# Exercise instructions:
Would you return the lines between the one holding "Cette représentation n'est" and the one holding "2-нелогично отсутствие настила", inclusive, and only those, exactly as they stand in the listing below?

# Source material:

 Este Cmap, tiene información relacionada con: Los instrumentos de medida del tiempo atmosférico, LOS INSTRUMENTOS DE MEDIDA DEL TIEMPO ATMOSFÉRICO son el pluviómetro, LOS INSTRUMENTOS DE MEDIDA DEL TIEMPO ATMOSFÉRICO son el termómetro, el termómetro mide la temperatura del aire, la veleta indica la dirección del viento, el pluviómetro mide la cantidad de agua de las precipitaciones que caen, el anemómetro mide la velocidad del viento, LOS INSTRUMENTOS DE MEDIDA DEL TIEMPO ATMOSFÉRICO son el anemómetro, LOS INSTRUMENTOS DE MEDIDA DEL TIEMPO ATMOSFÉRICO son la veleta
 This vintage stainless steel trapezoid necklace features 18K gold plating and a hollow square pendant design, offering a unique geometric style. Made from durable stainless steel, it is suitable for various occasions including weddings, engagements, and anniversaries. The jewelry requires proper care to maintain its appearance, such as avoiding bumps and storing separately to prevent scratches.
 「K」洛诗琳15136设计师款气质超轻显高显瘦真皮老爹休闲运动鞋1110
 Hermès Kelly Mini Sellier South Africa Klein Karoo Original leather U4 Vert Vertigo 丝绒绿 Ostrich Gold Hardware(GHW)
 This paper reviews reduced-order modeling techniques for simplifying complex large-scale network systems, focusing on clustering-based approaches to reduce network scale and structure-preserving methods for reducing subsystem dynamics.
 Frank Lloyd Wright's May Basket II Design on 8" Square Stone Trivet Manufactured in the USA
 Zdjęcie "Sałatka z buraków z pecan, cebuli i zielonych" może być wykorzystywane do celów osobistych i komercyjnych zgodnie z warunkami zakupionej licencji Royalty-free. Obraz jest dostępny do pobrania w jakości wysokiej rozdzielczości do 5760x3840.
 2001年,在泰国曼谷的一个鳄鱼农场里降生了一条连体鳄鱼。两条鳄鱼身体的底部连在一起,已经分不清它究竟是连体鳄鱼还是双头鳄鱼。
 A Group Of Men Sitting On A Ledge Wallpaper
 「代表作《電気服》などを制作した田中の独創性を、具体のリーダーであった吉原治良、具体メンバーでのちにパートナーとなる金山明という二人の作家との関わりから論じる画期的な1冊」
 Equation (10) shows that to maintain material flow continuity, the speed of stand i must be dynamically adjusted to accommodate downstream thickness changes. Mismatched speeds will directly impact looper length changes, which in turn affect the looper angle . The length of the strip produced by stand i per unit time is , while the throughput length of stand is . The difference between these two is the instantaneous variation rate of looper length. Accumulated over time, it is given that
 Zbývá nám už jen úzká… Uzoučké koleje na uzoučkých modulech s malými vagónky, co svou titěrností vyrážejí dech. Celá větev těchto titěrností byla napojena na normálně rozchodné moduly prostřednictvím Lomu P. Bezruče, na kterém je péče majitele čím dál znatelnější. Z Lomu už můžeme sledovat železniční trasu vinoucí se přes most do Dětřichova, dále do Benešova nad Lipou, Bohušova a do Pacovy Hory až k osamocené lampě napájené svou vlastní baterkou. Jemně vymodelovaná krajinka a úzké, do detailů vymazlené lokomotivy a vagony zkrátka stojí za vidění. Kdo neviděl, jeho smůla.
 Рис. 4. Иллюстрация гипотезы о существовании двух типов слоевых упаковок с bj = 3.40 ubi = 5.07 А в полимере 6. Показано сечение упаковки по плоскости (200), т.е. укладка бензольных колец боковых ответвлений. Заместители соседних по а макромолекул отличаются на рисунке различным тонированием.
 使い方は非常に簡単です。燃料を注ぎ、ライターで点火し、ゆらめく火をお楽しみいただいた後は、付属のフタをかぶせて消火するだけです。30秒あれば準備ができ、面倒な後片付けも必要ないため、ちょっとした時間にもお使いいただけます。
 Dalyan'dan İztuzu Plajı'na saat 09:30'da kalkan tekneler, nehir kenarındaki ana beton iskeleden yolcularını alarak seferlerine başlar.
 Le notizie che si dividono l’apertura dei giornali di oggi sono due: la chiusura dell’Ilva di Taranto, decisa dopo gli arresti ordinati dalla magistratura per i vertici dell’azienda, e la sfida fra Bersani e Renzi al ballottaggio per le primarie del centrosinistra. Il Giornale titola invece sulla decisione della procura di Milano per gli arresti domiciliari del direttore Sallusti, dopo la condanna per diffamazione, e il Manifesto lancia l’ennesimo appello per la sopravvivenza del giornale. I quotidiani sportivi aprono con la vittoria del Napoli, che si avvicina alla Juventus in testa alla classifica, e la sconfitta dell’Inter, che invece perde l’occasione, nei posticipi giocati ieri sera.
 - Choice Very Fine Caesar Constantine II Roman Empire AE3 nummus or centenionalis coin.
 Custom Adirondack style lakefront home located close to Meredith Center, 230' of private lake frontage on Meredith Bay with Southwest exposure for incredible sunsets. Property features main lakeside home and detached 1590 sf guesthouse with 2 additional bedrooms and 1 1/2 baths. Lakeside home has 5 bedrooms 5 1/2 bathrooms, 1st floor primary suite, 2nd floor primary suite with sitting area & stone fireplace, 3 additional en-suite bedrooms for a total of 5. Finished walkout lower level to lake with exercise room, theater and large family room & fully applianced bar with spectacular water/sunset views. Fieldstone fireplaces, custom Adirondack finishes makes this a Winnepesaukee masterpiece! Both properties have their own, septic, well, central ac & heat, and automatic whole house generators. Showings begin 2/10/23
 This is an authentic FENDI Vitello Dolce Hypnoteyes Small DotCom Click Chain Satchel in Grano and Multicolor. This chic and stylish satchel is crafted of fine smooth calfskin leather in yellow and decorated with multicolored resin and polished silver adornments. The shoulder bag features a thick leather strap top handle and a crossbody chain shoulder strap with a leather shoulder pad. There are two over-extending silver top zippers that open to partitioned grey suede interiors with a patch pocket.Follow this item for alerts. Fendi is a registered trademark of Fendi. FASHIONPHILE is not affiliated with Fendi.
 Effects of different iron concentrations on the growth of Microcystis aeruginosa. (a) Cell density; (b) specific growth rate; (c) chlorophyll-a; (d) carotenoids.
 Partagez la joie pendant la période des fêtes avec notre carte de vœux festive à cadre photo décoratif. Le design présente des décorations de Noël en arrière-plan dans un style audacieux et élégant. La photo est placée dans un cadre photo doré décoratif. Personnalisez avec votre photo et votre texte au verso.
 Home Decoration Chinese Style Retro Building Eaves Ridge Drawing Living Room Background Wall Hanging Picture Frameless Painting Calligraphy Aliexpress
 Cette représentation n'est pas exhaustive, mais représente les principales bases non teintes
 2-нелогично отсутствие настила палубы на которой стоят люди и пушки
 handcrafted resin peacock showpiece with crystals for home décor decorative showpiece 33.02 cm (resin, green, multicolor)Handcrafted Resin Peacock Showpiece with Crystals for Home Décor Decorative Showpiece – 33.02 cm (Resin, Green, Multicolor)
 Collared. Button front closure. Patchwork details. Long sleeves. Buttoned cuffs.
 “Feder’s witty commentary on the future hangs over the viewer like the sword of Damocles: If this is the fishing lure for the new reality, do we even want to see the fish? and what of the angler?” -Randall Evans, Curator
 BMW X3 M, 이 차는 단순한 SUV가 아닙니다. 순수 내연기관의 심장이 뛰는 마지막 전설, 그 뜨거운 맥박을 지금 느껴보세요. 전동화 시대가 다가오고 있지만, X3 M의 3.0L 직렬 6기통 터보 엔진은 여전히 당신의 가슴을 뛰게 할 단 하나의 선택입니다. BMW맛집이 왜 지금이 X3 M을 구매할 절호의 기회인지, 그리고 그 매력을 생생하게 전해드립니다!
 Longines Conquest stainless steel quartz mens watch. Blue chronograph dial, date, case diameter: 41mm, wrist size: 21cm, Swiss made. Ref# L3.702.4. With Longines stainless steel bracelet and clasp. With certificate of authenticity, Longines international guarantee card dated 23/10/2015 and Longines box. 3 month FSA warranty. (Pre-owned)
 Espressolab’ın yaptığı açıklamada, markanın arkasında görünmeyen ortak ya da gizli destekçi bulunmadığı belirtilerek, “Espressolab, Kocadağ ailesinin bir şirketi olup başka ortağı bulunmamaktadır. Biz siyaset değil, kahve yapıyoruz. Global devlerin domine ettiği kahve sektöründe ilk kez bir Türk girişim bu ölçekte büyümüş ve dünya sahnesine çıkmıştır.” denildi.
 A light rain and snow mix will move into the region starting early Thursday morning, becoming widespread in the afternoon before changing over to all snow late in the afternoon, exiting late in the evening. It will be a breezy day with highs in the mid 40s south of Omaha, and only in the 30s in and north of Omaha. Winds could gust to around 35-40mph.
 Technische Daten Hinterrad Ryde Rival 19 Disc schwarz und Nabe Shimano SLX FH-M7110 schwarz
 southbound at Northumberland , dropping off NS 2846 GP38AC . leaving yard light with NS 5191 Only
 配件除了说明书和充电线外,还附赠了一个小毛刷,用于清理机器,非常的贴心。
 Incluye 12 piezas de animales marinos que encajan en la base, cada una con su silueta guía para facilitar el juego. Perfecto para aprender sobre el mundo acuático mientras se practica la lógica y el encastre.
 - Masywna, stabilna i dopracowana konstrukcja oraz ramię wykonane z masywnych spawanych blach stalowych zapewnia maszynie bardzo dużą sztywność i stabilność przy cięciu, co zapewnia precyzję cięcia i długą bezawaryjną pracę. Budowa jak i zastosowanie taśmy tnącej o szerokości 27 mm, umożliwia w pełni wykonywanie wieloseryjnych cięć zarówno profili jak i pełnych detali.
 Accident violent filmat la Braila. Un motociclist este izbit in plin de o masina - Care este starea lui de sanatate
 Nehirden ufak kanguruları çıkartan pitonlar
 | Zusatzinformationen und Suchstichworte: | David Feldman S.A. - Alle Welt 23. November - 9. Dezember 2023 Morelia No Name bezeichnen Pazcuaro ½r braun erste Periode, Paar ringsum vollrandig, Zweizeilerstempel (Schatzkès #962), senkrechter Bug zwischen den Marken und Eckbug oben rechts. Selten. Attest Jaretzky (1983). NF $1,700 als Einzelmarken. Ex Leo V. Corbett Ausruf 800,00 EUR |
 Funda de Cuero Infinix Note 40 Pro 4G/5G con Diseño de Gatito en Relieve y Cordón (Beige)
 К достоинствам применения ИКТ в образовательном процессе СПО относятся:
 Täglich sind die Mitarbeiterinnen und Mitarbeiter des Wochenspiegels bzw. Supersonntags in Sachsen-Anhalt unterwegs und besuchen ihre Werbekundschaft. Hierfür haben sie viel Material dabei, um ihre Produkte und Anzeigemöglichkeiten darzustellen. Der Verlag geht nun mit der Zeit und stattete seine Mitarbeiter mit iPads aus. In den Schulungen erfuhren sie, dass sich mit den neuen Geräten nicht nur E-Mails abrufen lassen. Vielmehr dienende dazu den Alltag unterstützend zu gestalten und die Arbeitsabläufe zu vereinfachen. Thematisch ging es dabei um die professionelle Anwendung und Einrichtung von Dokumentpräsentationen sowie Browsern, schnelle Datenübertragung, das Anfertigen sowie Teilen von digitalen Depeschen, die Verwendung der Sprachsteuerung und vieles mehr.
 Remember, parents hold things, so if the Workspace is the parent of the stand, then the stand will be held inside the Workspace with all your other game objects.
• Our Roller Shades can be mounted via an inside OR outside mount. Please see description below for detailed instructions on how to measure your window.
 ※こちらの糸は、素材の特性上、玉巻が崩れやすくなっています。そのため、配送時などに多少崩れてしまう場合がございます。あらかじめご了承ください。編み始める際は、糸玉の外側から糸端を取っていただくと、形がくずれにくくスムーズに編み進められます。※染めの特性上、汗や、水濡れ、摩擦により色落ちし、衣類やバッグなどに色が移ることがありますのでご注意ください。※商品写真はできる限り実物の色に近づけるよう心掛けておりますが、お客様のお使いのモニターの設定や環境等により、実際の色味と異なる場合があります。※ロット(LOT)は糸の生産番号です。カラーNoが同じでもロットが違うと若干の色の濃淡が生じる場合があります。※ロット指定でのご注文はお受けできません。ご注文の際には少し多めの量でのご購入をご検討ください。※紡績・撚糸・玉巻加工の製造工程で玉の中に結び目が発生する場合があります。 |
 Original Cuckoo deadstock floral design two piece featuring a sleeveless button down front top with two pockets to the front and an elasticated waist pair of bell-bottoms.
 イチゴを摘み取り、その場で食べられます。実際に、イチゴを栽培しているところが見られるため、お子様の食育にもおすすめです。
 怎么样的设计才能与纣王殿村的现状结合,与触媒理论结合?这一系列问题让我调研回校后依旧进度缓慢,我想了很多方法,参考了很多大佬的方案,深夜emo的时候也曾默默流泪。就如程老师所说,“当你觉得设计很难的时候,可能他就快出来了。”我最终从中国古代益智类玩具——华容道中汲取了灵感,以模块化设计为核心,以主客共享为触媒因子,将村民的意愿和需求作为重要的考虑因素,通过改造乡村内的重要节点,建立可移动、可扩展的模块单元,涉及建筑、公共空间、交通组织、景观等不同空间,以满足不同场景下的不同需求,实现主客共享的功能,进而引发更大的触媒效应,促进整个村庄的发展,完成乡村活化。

# Response for this exercise:
 Cette représentation n'est pas exhaustive, mais représente les principales bases non teintes
 2-нелогично отсутствие настила палубы на которой стоят люди и пушки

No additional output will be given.